• **What you will do**
With the pictures left aside, write out exactly the lines of the listing below from the line with "Procházíme se po" to the line with "VESTIDO LONGO ALÇA STRASS CHIFFON ÍRIS ROSA", both included, and only those.

• **Input material**
◆ ◆ ◆ ◆ ◆ ◆ ◆
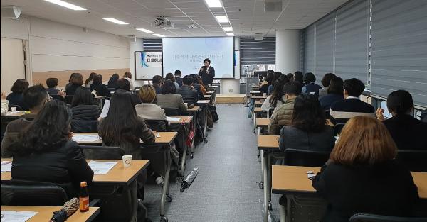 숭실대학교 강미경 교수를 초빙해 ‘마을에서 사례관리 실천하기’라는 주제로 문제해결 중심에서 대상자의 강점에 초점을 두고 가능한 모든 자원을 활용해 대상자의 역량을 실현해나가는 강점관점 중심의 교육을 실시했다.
◆ ◆ ◆ ◆ ◆ ◆ ◆
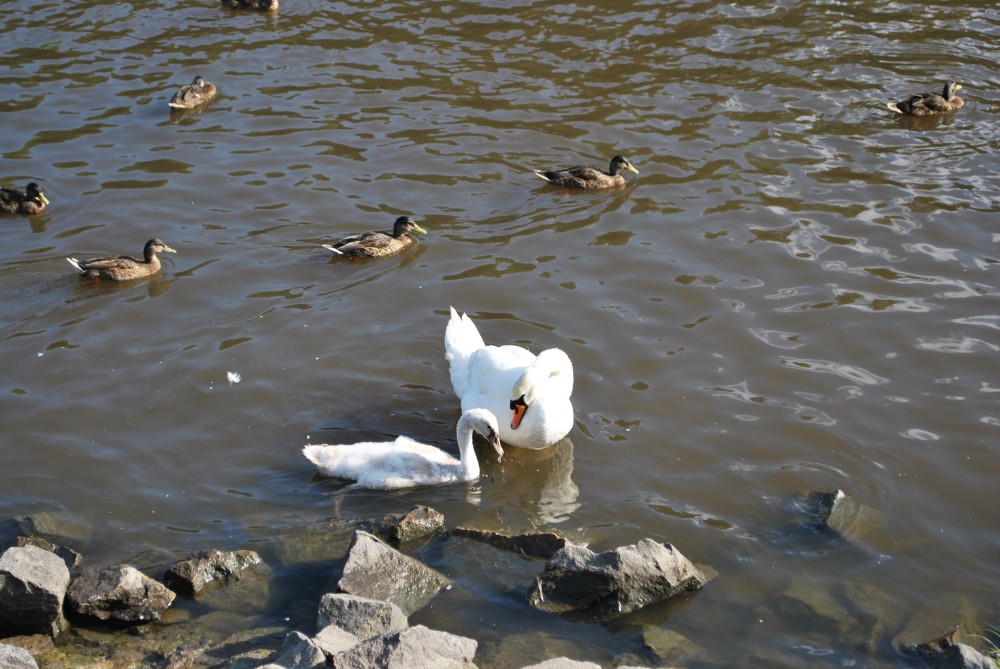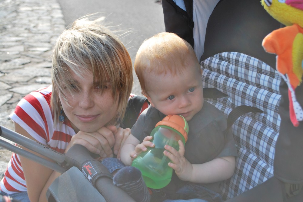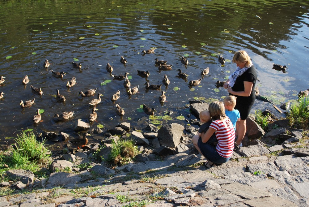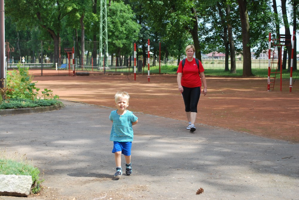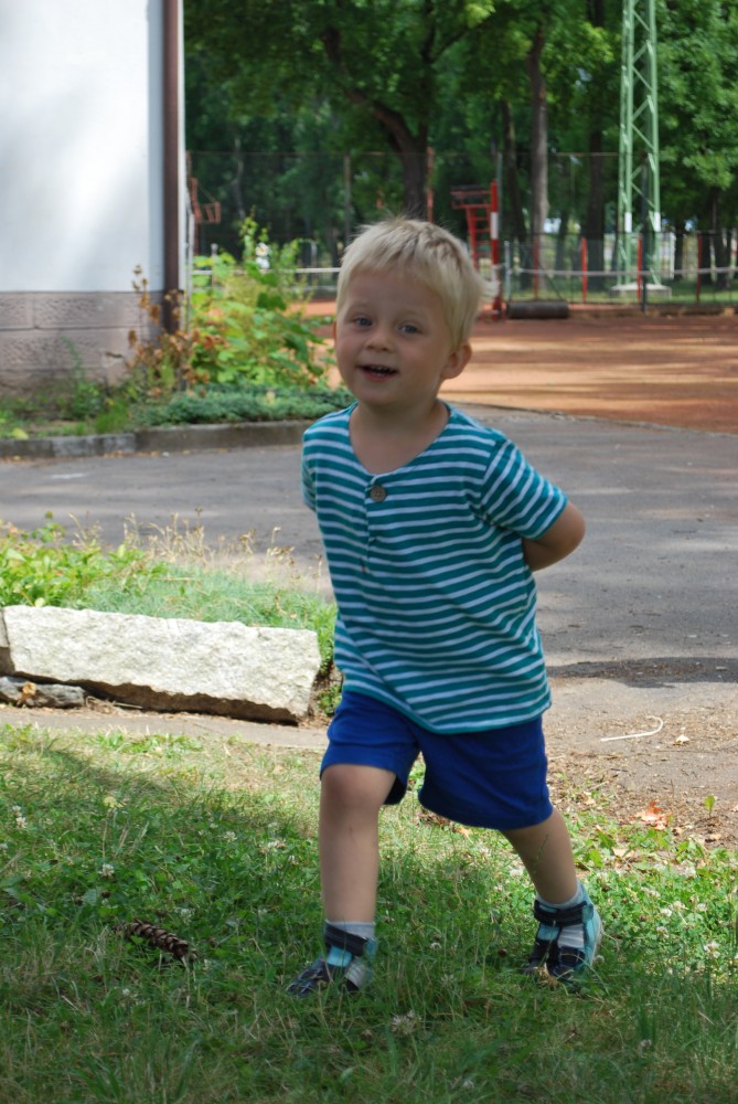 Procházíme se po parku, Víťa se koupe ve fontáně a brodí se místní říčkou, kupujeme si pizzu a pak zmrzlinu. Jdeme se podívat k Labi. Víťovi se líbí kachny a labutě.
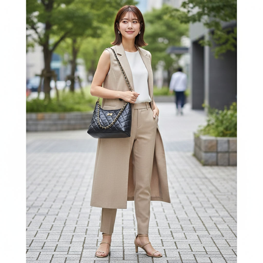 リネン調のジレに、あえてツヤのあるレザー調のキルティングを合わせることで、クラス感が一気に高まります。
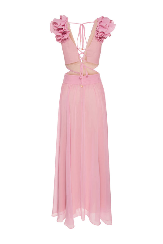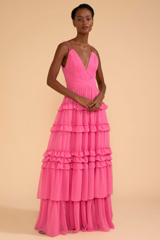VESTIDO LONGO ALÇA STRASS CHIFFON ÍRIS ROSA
◆ ◆ ◆ ◆ ◆ ◆ ◆
• **Response for this exercise**
 Procházíme se po parku, Víťa se koupe ve fontáně a brodí se místní říčkou, kupujeme si pizzu a pak zmrzlinu. Jdeme se podívat k Labi. Víťovi se líbí kachny a labutě.
 リネン調のジレに、あえてツヤのあるレザー調のキルティングを合わせることで、クラス感が一気に高まります。
VESTIDO LONGO ALÇA STRASS CHIFFON ÍRIS ROSA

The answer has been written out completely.